Dengue classification

The OpenDengue version 1.2 dataset contains reported total case counts with each row corresponding to a unique location and time. Where reported, we include dengue cases at all levels of severity (dengue, dengue with/without warning signs, severe dengue, dengue haemorrhagic fever, dengue shock syndrome, dengue deaths) and methods of confirmation (suspected, probable, clinically confirmed, laboratory confirmed) in the variable “dengue_total”. The corresponding case definition is included in the variable “case_definition_standardised”.

There are different classifications of severity of dengue which change by place and over time34. Different source categories report the case counts with varying levels of disaggregation by disease severity and methods of confirmation. Some sources disaggregate dengue cases by severity or other attributes that may or may not be mutually exclusive, making the total number of dengue cases reported unclear. To resolve this, we followed our dengue classification protocol and systematically measured total cases (Fig. 2). Downstream dengue classifications correspond to possible sequelae of dengue infection; “severe dengue”, “dengue haemorrhagic fever” or “deaths”.

Fig. 2
figure 2

Dengue classification protocol used to determine total dengue case counts in OpenDengue when there was more than one “dengue” or equivalent column at source. Red diamonds represent decision trees, green shaded rectangles data processing stages. See Fig. 1 for context of this protocol within the overall OpenDengue methodology.
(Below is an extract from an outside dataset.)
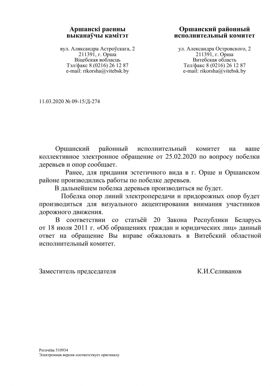 На основании данного ответа, а также исходя из здравого смысла, мы, нижеподписавшиеся, требуем немедленно прекратить побелку деревьев и придорожных столбов в Орше. Требуем прекратить нерациональное использование городского бюджета, который пополняется за счёт налогоплательщиков г.Орша.

Figure source: OpenDengue.org.

Cumulative to incident case count conversion in the PAHO PLISA database

The PAHO PLISA platform allows downloads of dengue case count information at a variety of spatial and temporal scales with different case definitions that are not necessarily directly comparable. PAHO only reports cumulative case datasets for “all dengue cases: suspected, probable, confirmed, non-severe and severe cases, and deaths.” Records in this dataset are in incidence format (as opposed to cumulative incidence) because incidence has a temporally fixed denominator e.g. cases 23-29th January as opposed to cases by 29th January and therefore avoids ambiguity over when cases occurred when records are subject to repeated revision (as is common in the PAHO PLISA data).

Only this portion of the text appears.